--- Material to process Enclosed Below ---

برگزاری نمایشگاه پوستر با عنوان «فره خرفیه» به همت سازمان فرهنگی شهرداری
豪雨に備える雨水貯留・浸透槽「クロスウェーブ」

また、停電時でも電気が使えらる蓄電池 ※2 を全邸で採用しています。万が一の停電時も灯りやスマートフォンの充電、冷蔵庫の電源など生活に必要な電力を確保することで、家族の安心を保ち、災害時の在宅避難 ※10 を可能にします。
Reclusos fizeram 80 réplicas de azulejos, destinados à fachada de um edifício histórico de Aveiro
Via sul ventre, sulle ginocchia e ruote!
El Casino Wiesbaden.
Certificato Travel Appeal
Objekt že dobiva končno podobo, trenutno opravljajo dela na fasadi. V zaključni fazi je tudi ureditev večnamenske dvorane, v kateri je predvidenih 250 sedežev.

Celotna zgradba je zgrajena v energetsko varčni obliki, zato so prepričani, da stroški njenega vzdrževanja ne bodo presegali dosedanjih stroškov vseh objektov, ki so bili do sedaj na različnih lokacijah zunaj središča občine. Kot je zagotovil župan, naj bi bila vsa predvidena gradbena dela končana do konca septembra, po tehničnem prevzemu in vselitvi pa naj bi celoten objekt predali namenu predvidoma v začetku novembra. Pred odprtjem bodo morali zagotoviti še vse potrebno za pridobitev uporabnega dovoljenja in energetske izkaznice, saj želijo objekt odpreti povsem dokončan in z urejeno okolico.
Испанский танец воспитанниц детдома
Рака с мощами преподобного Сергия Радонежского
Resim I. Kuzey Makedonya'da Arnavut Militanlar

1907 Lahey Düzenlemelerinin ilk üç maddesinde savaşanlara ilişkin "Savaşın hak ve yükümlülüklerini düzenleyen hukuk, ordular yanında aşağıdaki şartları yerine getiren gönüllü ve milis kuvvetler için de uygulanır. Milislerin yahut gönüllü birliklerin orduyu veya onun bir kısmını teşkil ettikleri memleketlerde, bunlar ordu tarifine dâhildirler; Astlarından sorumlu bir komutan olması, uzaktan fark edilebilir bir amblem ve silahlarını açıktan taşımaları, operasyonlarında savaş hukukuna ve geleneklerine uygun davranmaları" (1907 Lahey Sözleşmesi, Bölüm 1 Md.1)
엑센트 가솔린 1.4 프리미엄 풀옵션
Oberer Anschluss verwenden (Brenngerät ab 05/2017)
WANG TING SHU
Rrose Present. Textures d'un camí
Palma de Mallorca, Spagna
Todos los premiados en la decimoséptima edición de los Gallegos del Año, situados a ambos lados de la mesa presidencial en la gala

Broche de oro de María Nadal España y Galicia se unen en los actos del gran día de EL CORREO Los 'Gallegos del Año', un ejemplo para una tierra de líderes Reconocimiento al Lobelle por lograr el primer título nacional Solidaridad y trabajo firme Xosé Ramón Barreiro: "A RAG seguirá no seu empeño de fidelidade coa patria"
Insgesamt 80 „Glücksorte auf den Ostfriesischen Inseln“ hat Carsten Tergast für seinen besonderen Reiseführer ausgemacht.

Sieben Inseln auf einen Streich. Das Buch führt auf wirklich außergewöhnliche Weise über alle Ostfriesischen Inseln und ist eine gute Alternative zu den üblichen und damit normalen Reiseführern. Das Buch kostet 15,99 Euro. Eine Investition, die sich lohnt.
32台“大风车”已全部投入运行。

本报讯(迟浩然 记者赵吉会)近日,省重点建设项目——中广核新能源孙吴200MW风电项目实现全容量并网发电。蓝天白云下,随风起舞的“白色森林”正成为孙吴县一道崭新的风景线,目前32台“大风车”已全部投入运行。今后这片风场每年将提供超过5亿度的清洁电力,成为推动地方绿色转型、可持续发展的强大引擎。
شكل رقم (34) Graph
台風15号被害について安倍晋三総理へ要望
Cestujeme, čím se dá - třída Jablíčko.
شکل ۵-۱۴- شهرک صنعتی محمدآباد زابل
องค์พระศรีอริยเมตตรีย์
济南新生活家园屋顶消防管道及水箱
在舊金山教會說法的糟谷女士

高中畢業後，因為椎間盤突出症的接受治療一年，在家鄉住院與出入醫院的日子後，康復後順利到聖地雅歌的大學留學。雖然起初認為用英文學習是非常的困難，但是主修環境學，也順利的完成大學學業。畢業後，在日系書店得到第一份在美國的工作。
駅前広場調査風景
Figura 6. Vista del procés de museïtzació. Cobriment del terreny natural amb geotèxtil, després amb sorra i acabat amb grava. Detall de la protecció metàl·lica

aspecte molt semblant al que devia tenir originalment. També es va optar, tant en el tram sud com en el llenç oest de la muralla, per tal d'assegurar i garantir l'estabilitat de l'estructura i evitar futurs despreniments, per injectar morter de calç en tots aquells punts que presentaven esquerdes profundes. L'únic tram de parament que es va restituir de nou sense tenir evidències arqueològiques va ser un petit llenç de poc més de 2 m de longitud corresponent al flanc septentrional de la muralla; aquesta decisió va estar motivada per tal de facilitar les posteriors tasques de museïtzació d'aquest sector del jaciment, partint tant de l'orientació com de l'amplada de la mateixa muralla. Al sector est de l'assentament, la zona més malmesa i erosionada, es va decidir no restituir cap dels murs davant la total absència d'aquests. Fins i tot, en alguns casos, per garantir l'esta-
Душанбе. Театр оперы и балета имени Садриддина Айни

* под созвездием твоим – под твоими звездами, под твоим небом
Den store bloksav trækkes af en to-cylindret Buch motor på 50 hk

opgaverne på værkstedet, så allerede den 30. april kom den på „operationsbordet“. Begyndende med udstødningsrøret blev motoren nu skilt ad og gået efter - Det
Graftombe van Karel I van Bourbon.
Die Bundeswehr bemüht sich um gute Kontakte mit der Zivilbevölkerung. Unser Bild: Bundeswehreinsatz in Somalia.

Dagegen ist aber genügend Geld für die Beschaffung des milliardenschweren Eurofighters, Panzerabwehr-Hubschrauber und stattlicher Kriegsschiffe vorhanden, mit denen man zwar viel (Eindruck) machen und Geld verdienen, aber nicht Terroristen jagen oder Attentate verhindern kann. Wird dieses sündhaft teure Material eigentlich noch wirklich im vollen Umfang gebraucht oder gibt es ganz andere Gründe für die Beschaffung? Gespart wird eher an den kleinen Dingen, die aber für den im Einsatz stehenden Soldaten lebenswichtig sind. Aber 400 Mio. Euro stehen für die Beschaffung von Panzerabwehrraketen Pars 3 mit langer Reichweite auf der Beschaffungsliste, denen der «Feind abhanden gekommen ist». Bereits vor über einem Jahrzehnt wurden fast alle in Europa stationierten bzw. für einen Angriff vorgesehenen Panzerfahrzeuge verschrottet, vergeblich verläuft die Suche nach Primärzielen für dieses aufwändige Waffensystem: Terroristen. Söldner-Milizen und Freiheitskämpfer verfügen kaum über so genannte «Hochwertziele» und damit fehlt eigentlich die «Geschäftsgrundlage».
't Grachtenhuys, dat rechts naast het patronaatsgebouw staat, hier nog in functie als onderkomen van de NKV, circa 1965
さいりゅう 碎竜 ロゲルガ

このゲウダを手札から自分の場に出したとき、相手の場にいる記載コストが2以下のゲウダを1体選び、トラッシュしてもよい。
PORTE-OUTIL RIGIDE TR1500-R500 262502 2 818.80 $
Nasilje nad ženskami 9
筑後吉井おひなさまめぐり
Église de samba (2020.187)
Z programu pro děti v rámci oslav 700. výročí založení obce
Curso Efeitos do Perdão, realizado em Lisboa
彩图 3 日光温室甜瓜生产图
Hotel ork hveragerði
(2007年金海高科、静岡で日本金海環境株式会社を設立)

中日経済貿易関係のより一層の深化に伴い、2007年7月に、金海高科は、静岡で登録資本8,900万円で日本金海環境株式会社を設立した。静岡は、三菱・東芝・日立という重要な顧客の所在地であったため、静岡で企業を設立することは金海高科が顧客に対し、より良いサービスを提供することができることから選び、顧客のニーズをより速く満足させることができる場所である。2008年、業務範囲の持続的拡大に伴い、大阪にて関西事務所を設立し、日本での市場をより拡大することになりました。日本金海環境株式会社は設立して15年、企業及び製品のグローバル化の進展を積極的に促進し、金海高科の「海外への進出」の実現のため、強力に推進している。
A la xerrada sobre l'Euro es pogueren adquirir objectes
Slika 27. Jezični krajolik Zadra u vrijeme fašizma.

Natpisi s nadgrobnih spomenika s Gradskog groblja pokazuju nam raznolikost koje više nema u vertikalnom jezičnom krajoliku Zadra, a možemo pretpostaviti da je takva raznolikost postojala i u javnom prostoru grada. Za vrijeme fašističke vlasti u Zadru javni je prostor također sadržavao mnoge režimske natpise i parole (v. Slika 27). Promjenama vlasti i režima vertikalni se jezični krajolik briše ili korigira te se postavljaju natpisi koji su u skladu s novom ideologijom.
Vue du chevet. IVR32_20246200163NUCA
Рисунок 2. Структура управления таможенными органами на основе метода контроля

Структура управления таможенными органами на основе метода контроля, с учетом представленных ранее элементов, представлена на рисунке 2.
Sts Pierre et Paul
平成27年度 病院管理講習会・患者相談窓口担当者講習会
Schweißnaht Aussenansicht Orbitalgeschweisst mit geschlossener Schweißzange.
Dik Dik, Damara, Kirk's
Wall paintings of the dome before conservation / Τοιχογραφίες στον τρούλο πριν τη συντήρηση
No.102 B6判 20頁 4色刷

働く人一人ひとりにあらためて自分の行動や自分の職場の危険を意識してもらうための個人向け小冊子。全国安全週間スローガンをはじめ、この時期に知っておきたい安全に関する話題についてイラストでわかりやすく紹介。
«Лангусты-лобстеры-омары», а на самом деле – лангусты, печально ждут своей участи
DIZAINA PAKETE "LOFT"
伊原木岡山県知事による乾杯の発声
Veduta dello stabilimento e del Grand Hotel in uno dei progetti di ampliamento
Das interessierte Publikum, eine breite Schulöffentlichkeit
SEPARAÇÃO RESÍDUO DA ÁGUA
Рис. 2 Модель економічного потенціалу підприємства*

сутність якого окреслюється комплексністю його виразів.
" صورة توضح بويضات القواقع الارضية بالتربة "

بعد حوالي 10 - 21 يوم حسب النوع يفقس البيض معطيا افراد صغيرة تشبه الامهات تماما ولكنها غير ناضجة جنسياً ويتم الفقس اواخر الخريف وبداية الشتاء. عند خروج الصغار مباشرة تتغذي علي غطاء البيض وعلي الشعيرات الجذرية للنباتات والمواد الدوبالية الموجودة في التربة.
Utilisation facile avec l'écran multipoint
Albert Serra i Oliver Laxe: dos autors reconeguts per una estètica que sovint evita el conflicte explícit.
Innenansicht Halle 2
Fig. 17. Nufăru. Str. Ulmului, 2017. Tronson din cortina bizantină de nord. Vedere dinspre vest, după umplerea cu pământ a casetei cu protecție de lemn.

--- End of Enclosed Material to process ---

> **Prompt**
From the listing above, the lines starting with the one that has "Hotel ork hveragerði" and running through the one that has "(2007年金海高科、静岡で日本金海環境株式会社を設立)" should be copied exactly, ends included.

> **Solved exercise**
Hotel ork hveragerði
(2007年金海高科、静岡で日本金海環境株式会社を設立)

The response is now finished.